**WHAT YOU SHOULD DO**.
Your answer must be the exact lines below, starting with the line with "Hand Embroidered Gloves, 2023" and going on through the line with "Настоящие спелеологи даже спят в каске ))", both included, with no pictures.

**PROVIDED RECORDS**.
———

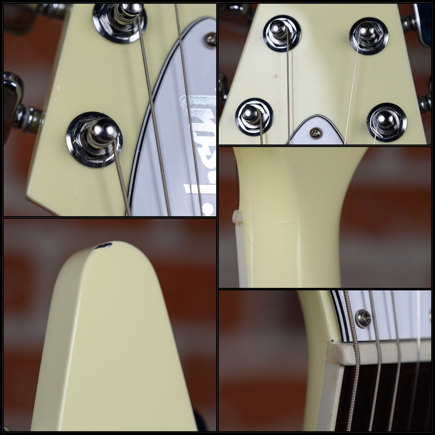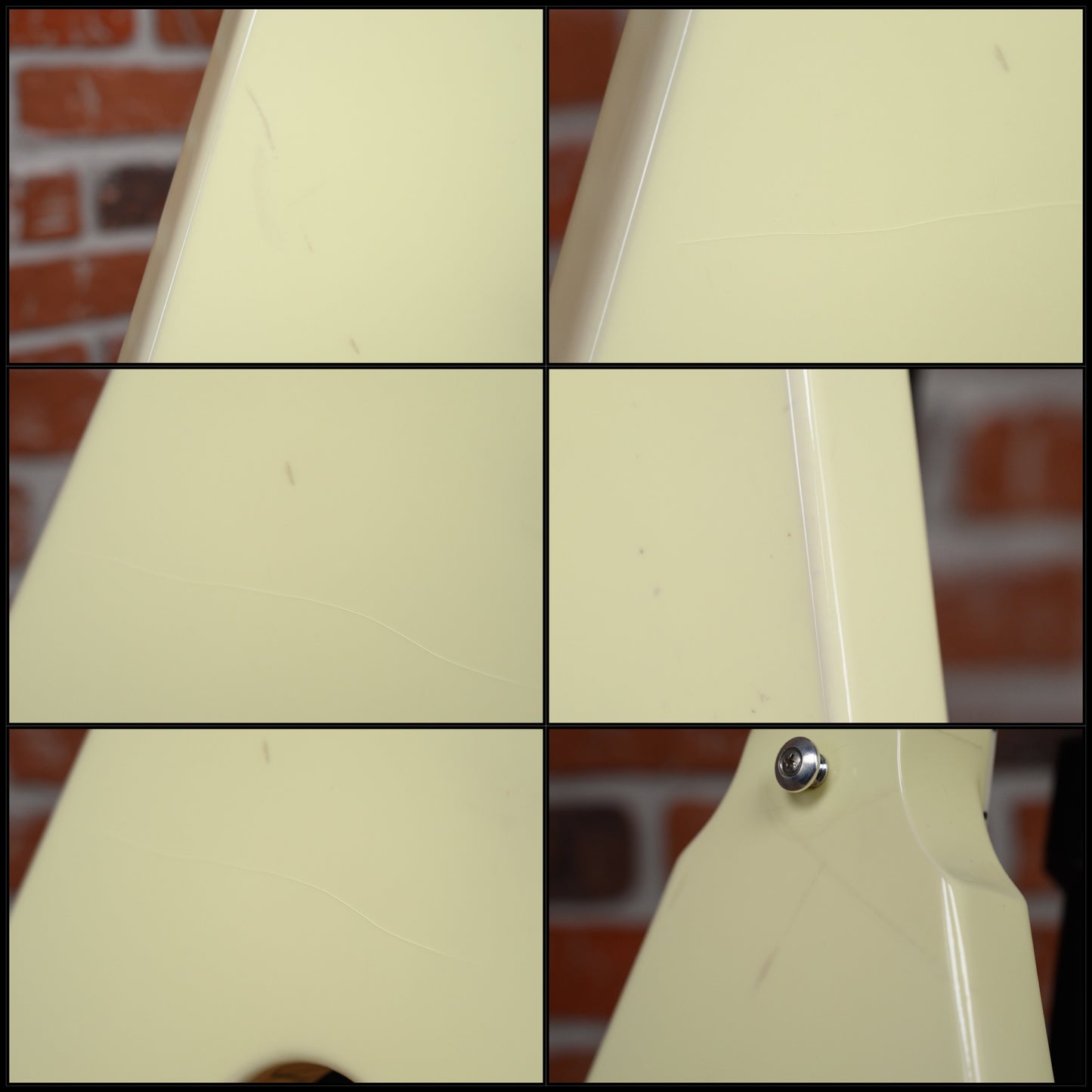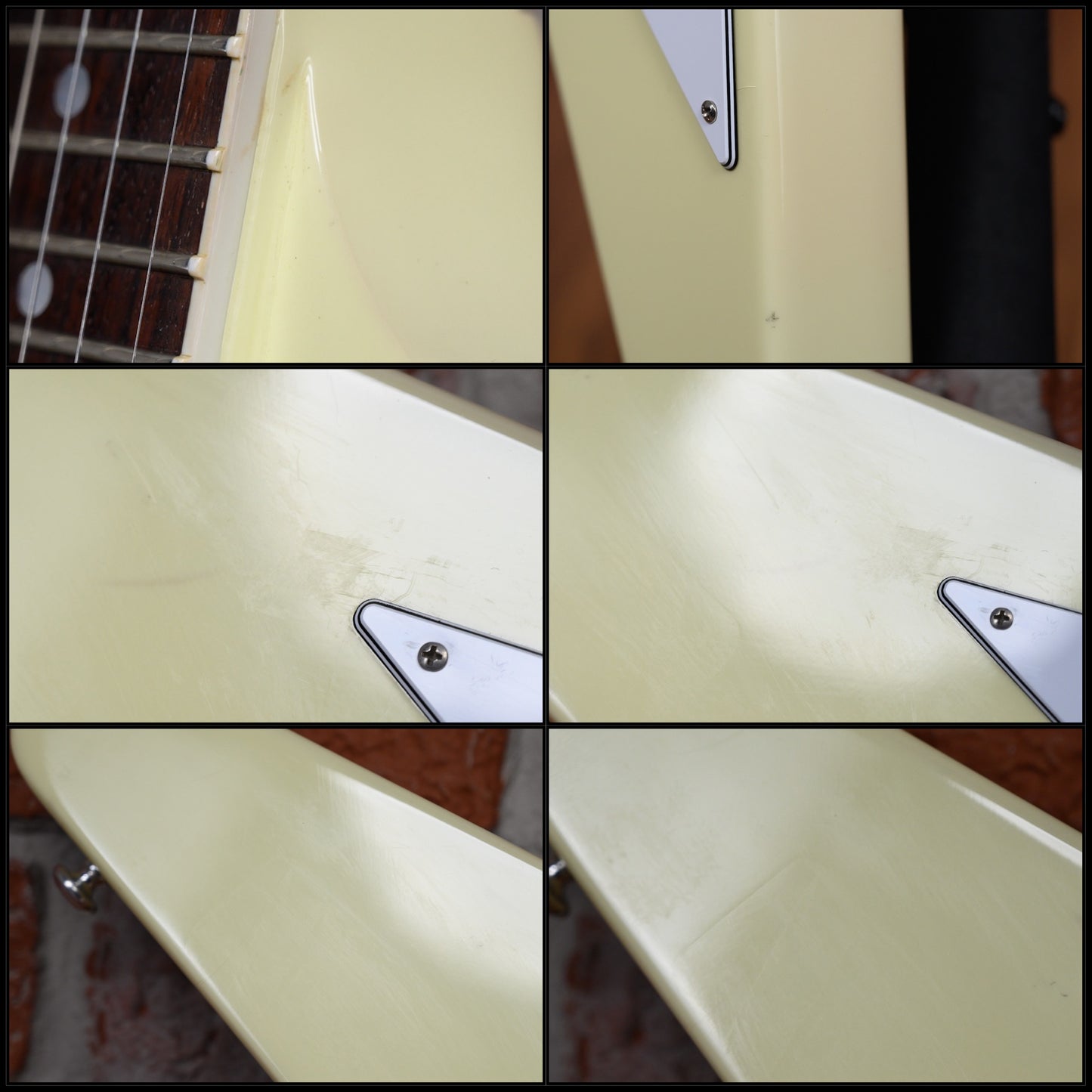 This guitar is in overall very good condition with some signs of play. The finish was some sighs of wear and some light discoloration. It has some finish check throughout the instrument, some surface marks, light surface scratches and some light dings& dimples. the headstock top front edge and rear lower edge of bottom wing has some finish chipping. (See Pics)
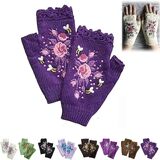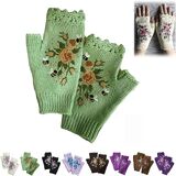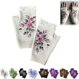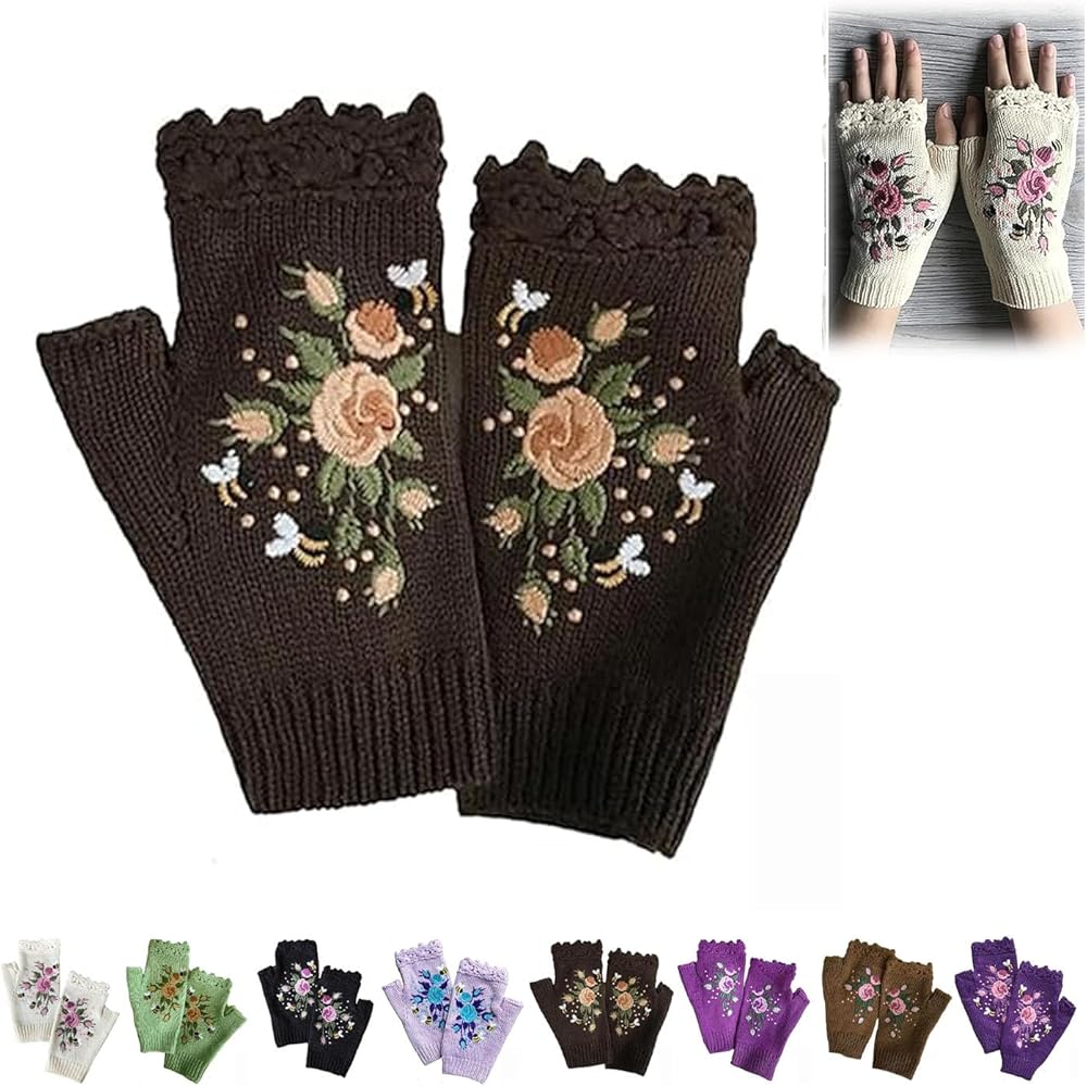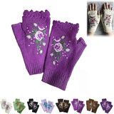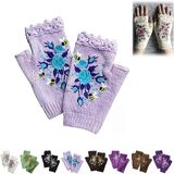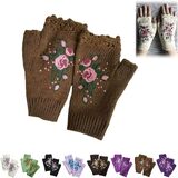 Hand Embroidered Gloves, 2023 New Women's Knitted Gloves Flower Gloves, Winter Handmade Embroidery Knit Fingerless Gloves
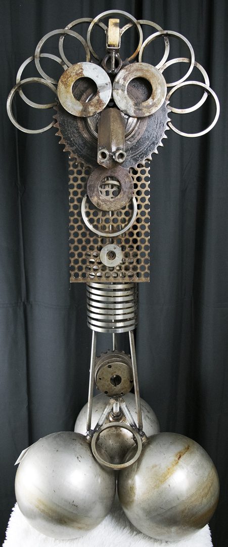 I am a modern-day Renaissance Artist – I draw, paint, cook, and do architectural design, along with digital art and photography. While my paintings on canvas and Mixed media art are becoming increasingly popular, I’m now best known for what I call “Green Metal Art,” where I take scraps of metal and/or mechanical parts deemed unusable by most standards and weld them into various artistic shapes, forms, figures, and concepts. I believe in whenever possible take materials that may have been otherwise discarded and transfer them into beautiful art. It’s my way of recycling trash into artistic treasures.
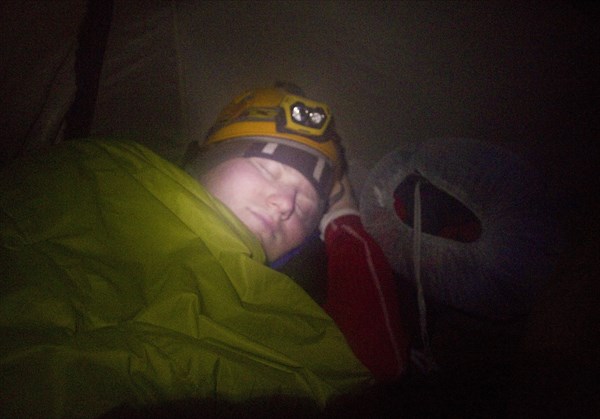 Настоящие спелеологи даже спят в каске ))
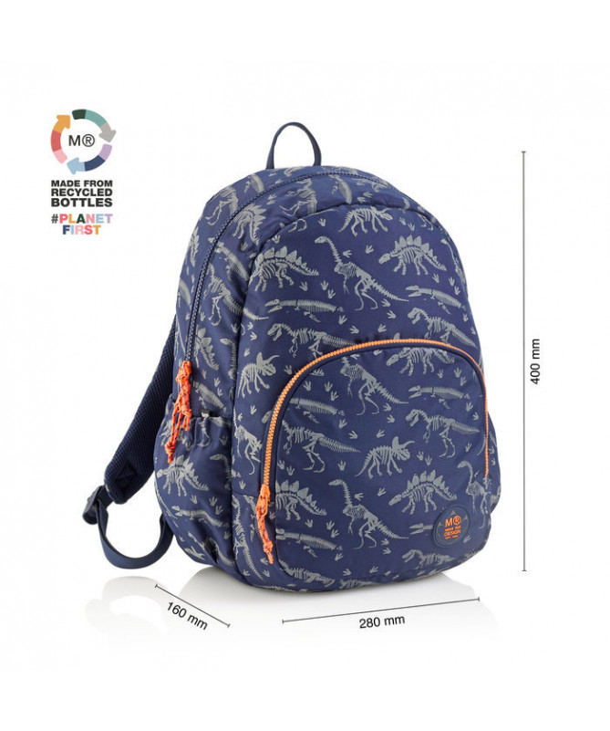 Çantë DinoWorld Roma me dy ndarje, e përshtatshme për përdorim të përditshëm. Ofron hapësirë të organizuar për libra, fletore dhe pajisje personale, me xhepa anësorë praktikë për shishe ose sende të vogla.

———

**RESPONSE**.
 Hand Embroidered Gloves, 2023 New Women's Knitted Gloves Flower Gloves, Winter Handmade Embroidery Knit Fingerless Gloves
 I am a modern-day Renaissance Artist – I draw, paint, cook, and do architectural design, along with digital art and photography. While my paintings on canvas and Mixed media art are becoming increasingly popular, I’m now best known for what I call “Green Metal Art,” where I take scraps of metal and/or mechanical parts deemed unusable by most standards and weld them into various artistic shapes, forms, figures, and concepts. I believe in whenever possible take materials that may have been otherwise discarded and transfer them into beautiful art. It’s my way of recycling trash into artistic treasures.
 Настоящие спелеологи даже спят в каске ))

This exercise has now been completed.